Re: Improve CRC32C performance on SSE4.2

From: John Naylor <johncnaylorls(at)gmail(dot)com>
To: "Devulapalli, Raghuveer" <raghuveer(dot)devulapalli(at)intel(dot)com>
Cc: "pgsql-hackers(at)lists(dot)postgresql(dot)org" <pgsql-hackers(at)lists(dot)postgresql(dot)org>, "Shankaran, Akash" <akash(dot)shankaran(at)intel(dot)com>
Subject: Re: Improve CRC32C performance on SSE4.2
Date: 2025-02-11 07:02:11
Message-ID: CANWCAZYXk9xWrjEPNsm1oGYZ4CHBSVonn4XcCfWnusg+s_wiEA@mail.gmail.com
Views: Raw Message | Whole Thread | Download mbox | Resend email
Thread:
Lists: pgsql-hackers

On Tue, Feb 11, 2025 at 7:25 AM Devulapalli, Raghuveer
<raghuveer(dot)devulapalli(at)intel(dot)com> wrote:
> I ran the same benchmark drive_crc32c with the postgres infrastructure and found that your v2 sse42 version from corsix is slower than pg_comp_crc32c_sse42 in master branch when buffer is < 128 bytes.

That matches my findings as well.

> I think the reason is that postgres is not using -O3 flag build the crc32c source files and the compiler generates less than optimal code. Adding that flag fixes the regression for buffers with 64 bytes – 128 bytes. Could you confirm that behavior on your end too?

On my machine that still regresses compared to master in that range
(although by not as much) so I still think 128 bytes is the right
threshold.

The effect of -O3 with gcc14.2 is that the single-block loop (after
the 4-block loop) is unrolled. Unrolling adds branches and binary
space, so it'd be nice to avoid that even for systems that build with
-O3. I tried leaving out the single block loop, so that the tail is
called for the remaining <63 bytes, and it's actually better:

v2:

128
latency average = 10.256 ms
144
latency average = 11.393 ms
160
latency average = 12.977 ms
176
latency average = 14.364 ms
192
latency average = 12.627 ms

remove single-block loop:

128
latency average = 10.211 ms
144
latency average = 10.987 ms
160
latency average = 12.094 ms
176
latency average = 12.927 ms
192
latency average = 12.466 ms

Keeping the extra loop is probably better at this benchmark on newer
machines, but I don't think it's worth it. Microbenchmarks with fixed
sized input don't take branch mispredicts into account.

> > I did the benchmarks on my older machine, which I believe has a latency of 7 cycles for this instruction.
>
> May I ask which processor does you older machine have? I am benchmarking on a Tigerlake processor.

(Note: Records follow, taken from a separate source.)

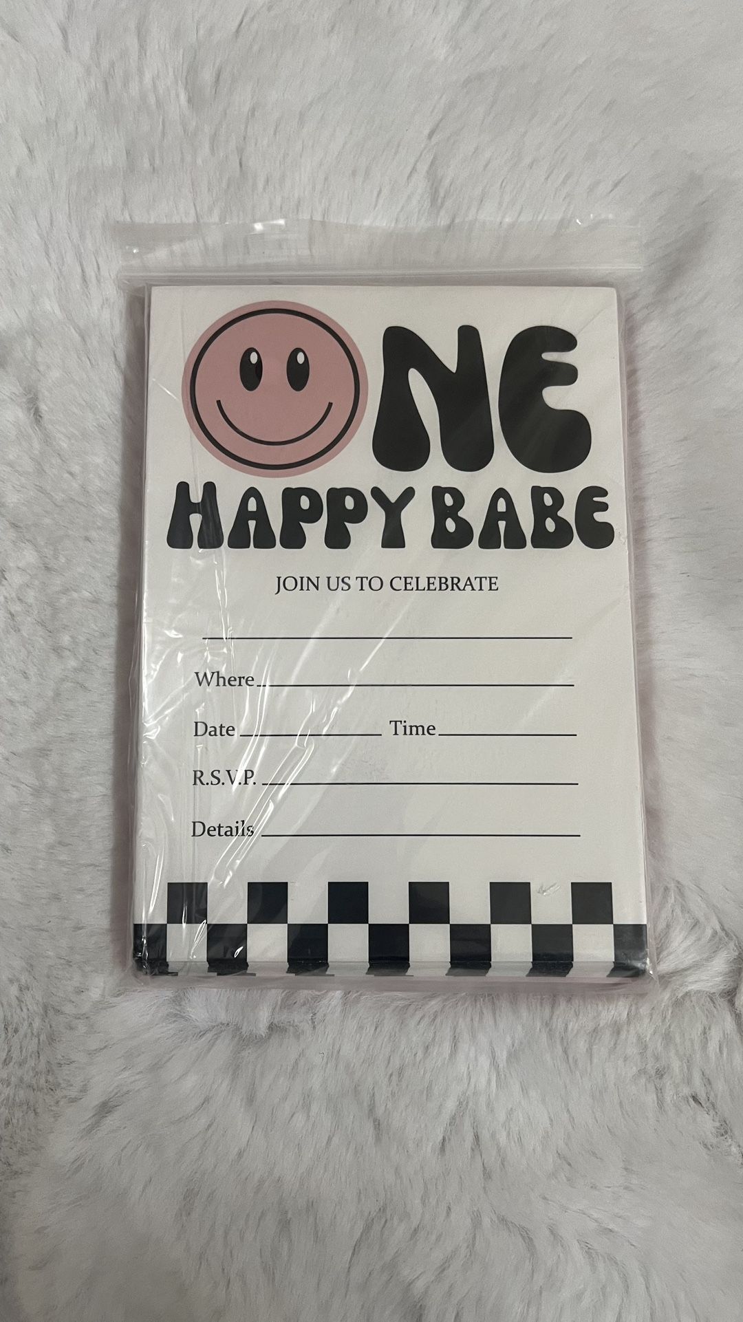 Add a fun, trendy retro vibe to your celebration with these adorable pink smiley face invitations! Featuring a large pastel pink happy face, bold "One Happy Babe" lettering in groovy font, and a classic black-and-white checkered border, these fill-in style cards are perfect for a girl's baby shower, first birthday party, or any preppy-themed event.Quantity: 25 invitation cards per pack Design: Cute retro smiley face theme in soft pink tones with "Join Us to Celebrate" and blank spaces for Where, Date, Time, R.S.V.P., and Details Includes: 25 matching pink envelopes + sheet of coordinating pink smiley face envelope seal stickers Size: Standard 5x7 inches (A7) – easy to mail or hand out Quality: Printed on sturdy cardstock, easy to write on with any pen New in sealed plastic packaging – ready to use! These are brand new, unopened packs – I have over 25 sets available, great for bulk buyers, resellers, or large events!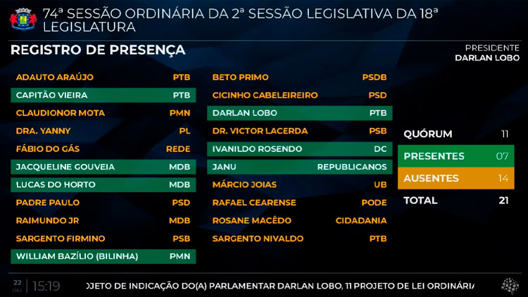 O presidente da Casa, vereador Darlan Lobo (PTB), tentou abrir os trabalhos às 15h17, mas não havia quórum mínimo para continuidade das atividades.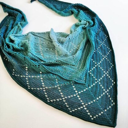 The Diamonds of the Night shawl is crocheted with the filet crochet technique. This is a technique with only chains and double crochet stitches.
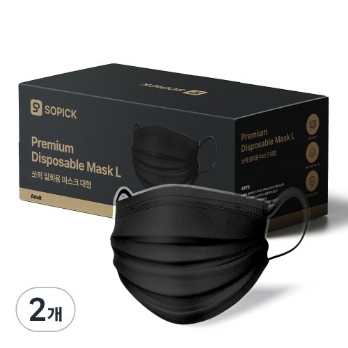 쏘픽 일회용 마스크 대형, 블랙, 2개, 50매입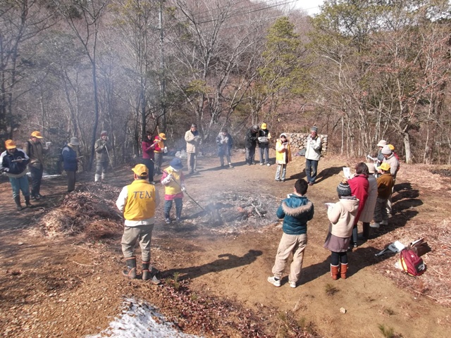 アルミホイルにさつまいも、じゃがいもを包み、焚火の灰の中にいれ、焼き上がるまで30分待ちました。その間みんなで唱歌をうたいました。(たきび・スキー・春よ来い!等(%音符1%)(%音符2%))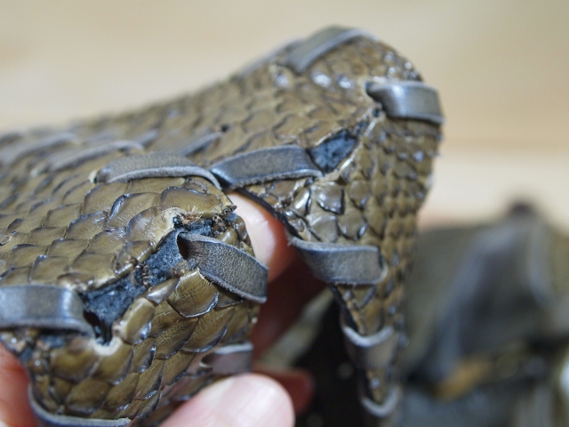ショルダーの表革と裏革を解体して内縫いし直す必要があり手間暇が掛かります。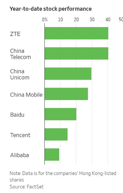 Инвесторам теперь нравятся такие акции, потому что компании соответствуют национальным целям Китая и торгуются по низкой цене. ZTE, еще один телекоммуникационный гигант, частично принадлежащий государству, в последнее время также продемонстрировал значительный рост.

It's an i7-7500U / Kaby Lake.

> > It's probably okay to fold these together in the same compile-time
> > check, since both are fairly old by now, but for those following
> > along, pclmul is not in SSE 4.2 and is a bit newer. So this would
> > cause machines building on Nehalem (2008) to fail the check and go
> > back to slicing-by-8 with it written this way.
>
> Technically, the current version of the patch does not have a runtime cpuid check for pclmul and so would cause it to crash with segill on Nehalam (currently we only check for sse4.2). This needs to be fixed by adding an additional cpuid check for pcmul but it would fall back to slicing by 8 on Nehalem and use the latest version on Westmere and above. If you care about keeping the performance on Nehalem, then I am happy to update the choose function to pick the right pointer accordingly. Let me know which one you would prefer.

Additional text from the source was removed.